To do
Your task is to restate word for word the lines in the material below, from the one with "Autumn Horses in" up to and including the one with "Obverse DescriptionThe central". Do not carry over the pictures.

Provided information
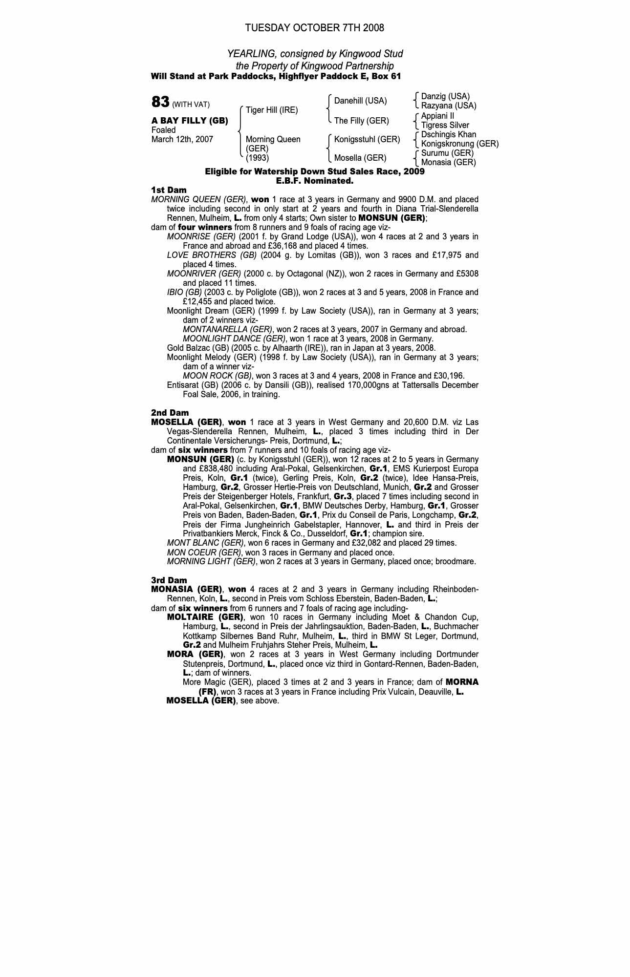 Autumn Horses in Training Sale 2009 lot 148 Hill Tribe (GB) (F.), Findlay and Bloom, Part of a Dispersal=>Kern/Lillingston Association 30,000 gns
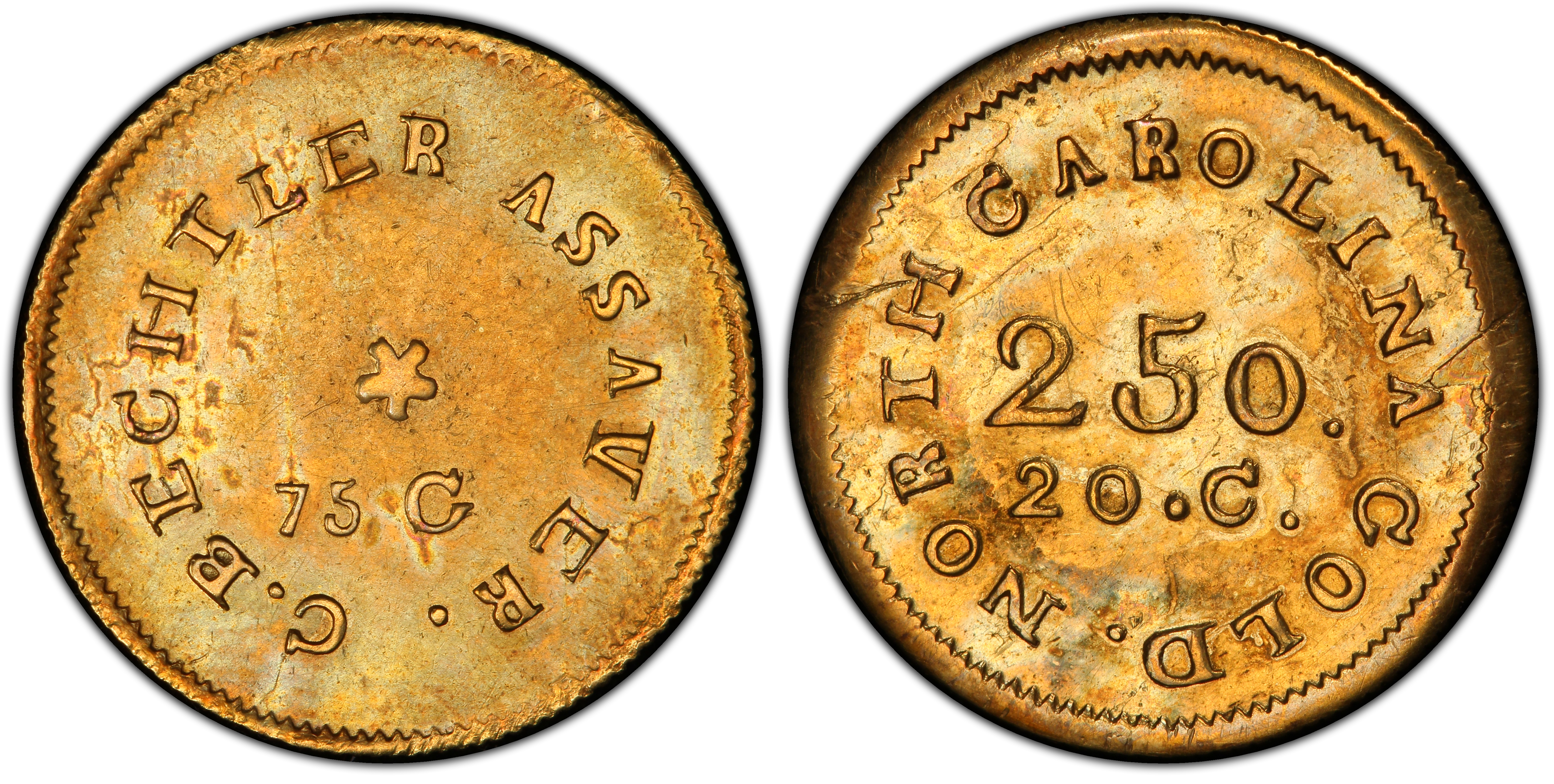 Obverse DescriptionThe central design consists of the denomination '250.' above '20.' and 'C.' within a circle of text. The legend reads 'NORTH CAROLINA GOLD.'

--

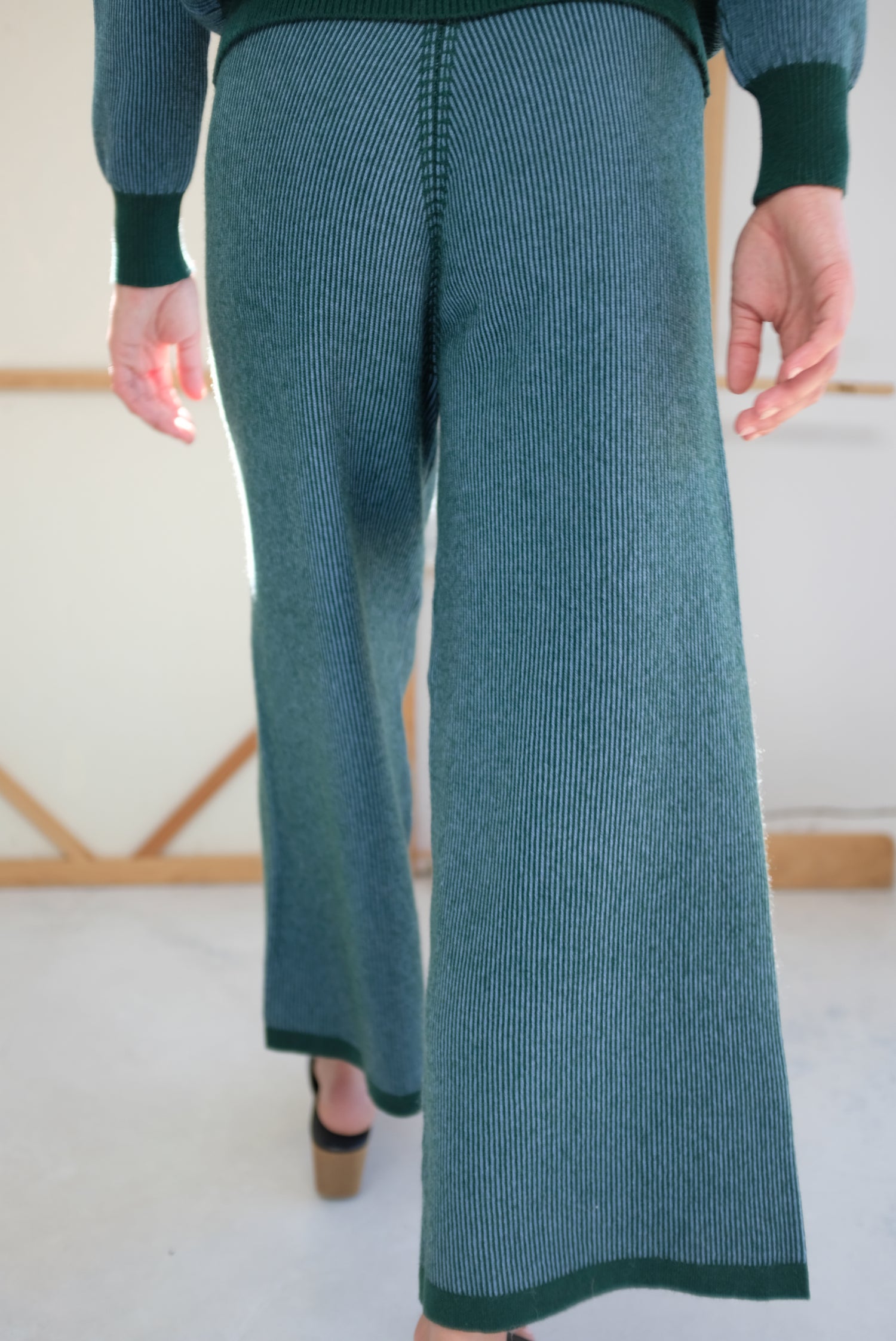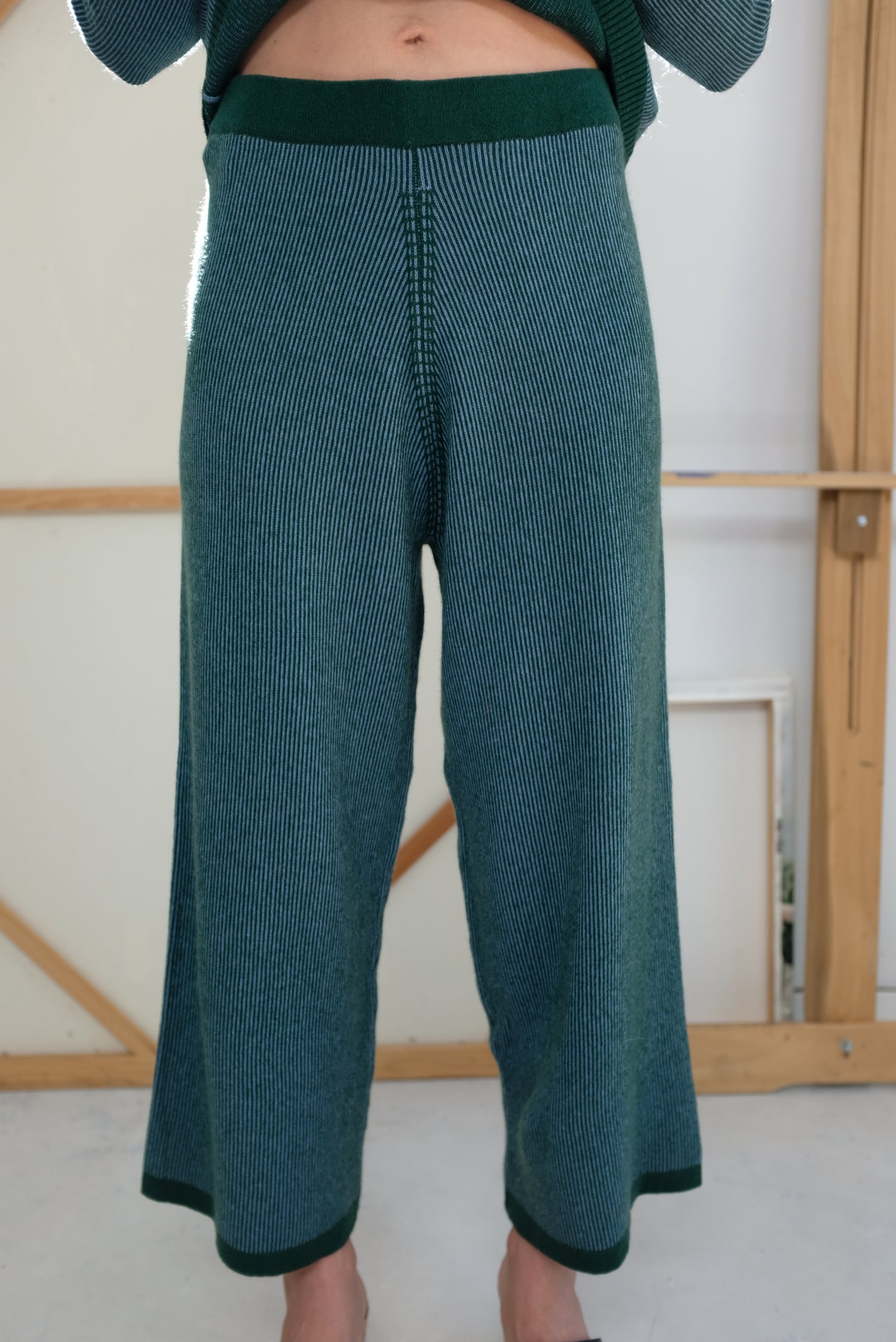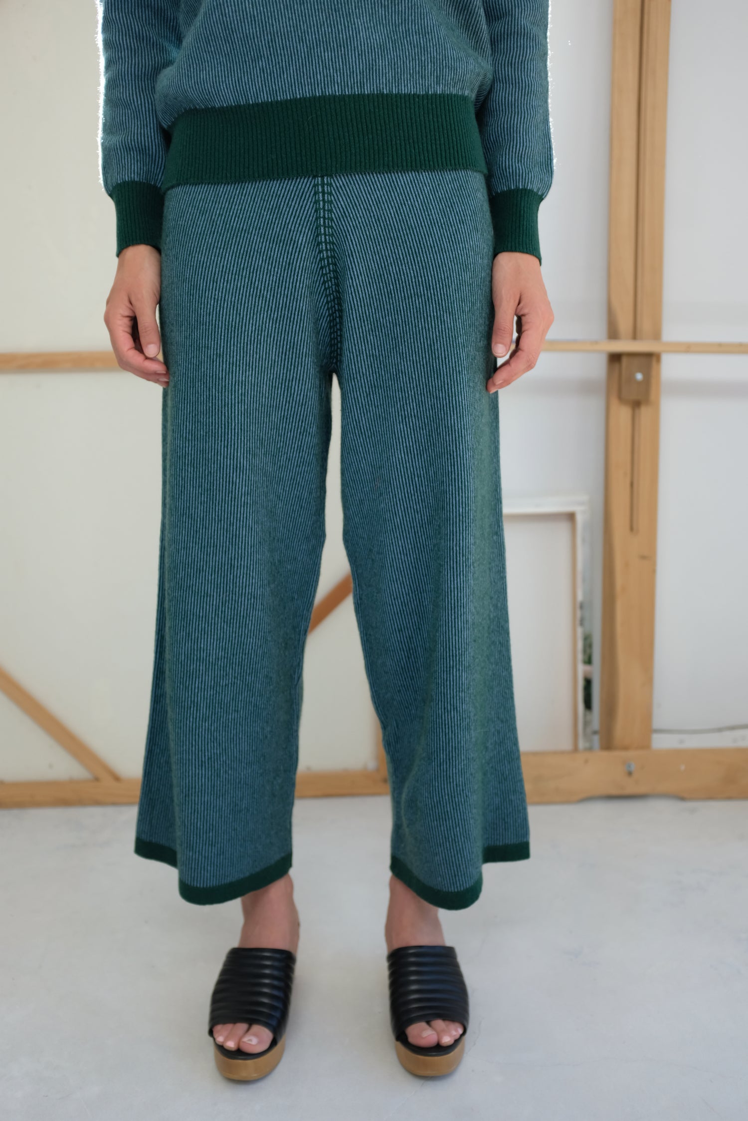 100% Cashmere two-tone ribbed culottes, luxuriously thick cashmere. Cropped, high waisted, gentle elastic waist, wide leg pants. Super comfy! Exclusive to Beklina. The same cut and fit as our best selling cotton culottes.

Solution to this problem
 Autumn Horses in Training Sale 2009 lot 148 Hill Tribe (GB) (F.), Findlay and Bloom, Part of a Dispersal=>Kern/Lillingston Association 30,000 gns
 Obverse DescriptionThe central design consists of the denomination '250.' above '20.' and 'C.' within a circle of text. The legend reads 'NORTH CAROLINA GOLD.'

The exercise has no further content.